Material for this exercise:
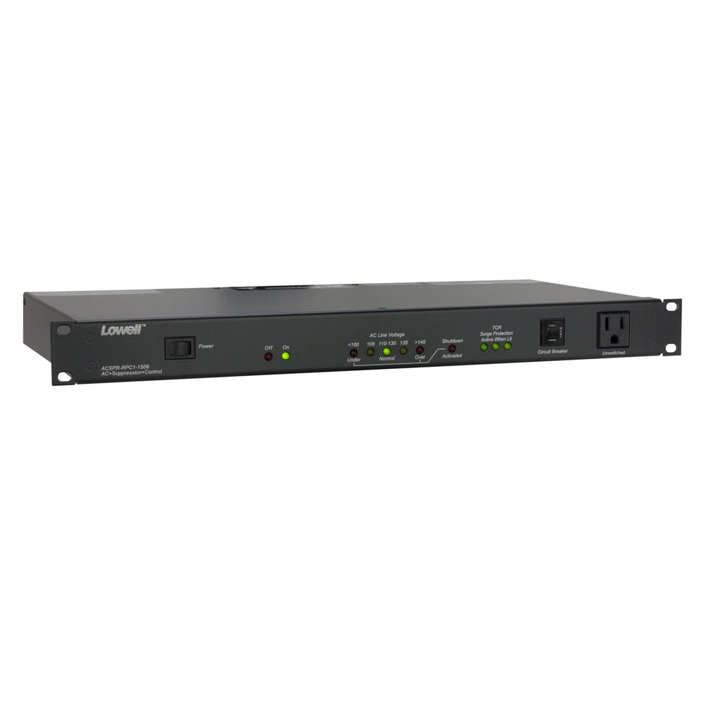 The AC control device shall be Lowell Model ACSPR-RPC1-1509 with surge protection, over/under voltage protection with auto re-set, remote power control circuitry, and EMI/RFI filtering. It'shall be an ETL Listed 15A device that provides safeguarded power distribution from a 1U rackmount chassis with three un-switched outlets (1 front, 2 rear) and six switched outlets that can be remotely controlled. It'shall include an alarm interface with lock on, lock off and switch lock functions. Front actuation shall be via a rocker switch. The steel chassis shall measure 19 in. x 9 in. x 1.75 in. and It'shall have a black powder epoxy finish.
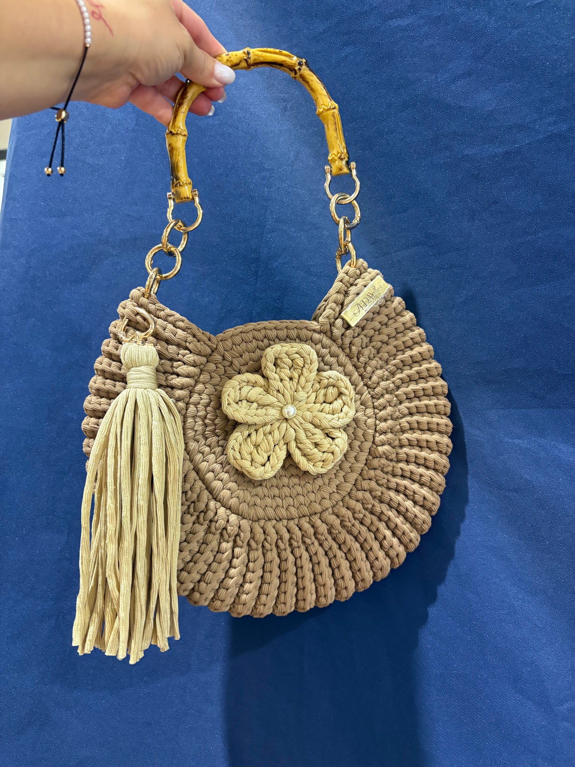 Elegancia natural y encanto artesanal se unen en nuestra colección Bamboo Chic. Disponible en dos estilos: el coqueto bolso tipo saquito y el encantador modelo caracol con detalle de flor, ambos con mangos de bambú que aportan un toque tropical y sofisticado.
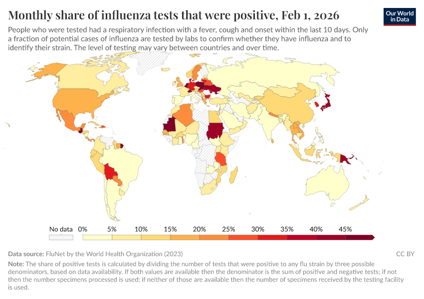 Explore global data produced by the World Health Organization on influenza symptoms and cases.
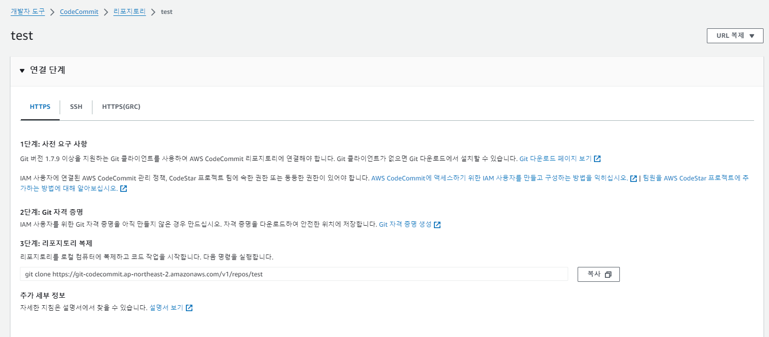 ECR을 만들어 봤기 때문에 CodeCommit은 더 쉽습니다. 다만 내 로컬PC에 git 연동이 필요합니다. 이 과정은 CodeCommit 리포지토리를 생성할 때 AWS콘솔에서 가이드가 제공됩니다.
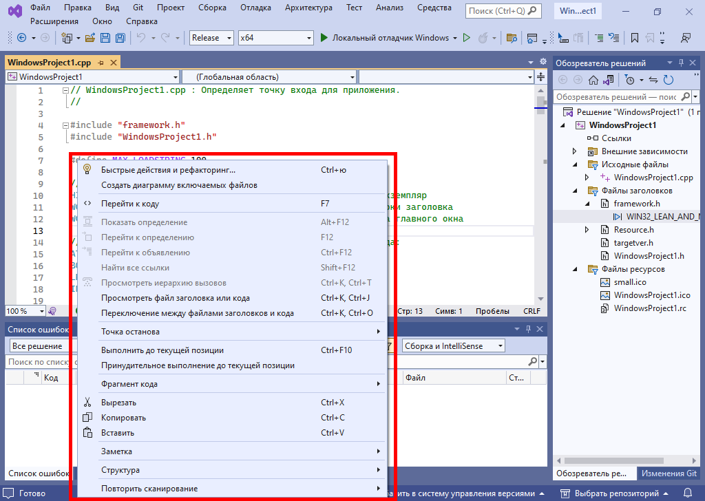 Урок №1. Работа с контекстным меню в Microsoft Visual Studio Enterprise 2022 17.4
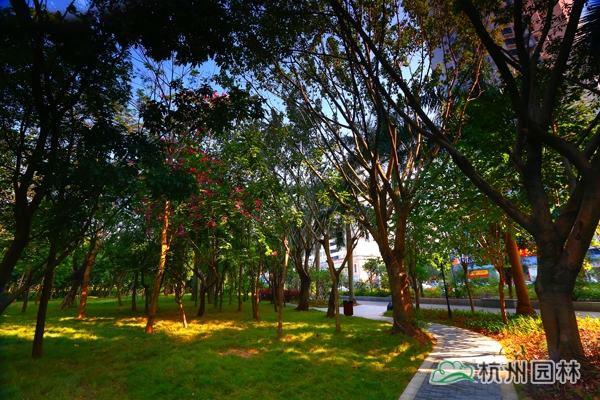 深圳市桂花路都市公園帶工程是一個改造提升工程,長約1.7公里,綠化恢復總面積約10萬平方米,施工范圍包括道路中央分車綠帶、道路分車綠帶及路旁綠地,施工內容包括種植土回填、綠化種植、綠化灌溉等工程。自2012年5月開工,2013年6月竣工,由杭州市園林綠化股份有限公司承建。榮獲“2014年度浙江省優秀園林綠化工程金獎”。

Task directions:
Omit the pictures and write out the lines above from the one with "Урок №1. Работа" through the last, unchanged.

Exercise result:
 Урок №1. Работа с контекстным меню в Microsoft Visual Studio Enterprise 2022 17.4
 深圳市桂花路都市公園帶工程是一個改造提升工程,長約1.7公里,綠化恢復總面積約10萬平方米,施工范圍包括道路中央分車綠帶、道路分車綠帶及路旁綠地,施工內容包括種植土回填、綠化種植、綠化灌溉等工程。自2012年5月開工,2013年6月竣工,由杭州市園林綠化股份有限公司承建。榮獲“2014年度浙江省優秀園林綠化工程金獎”。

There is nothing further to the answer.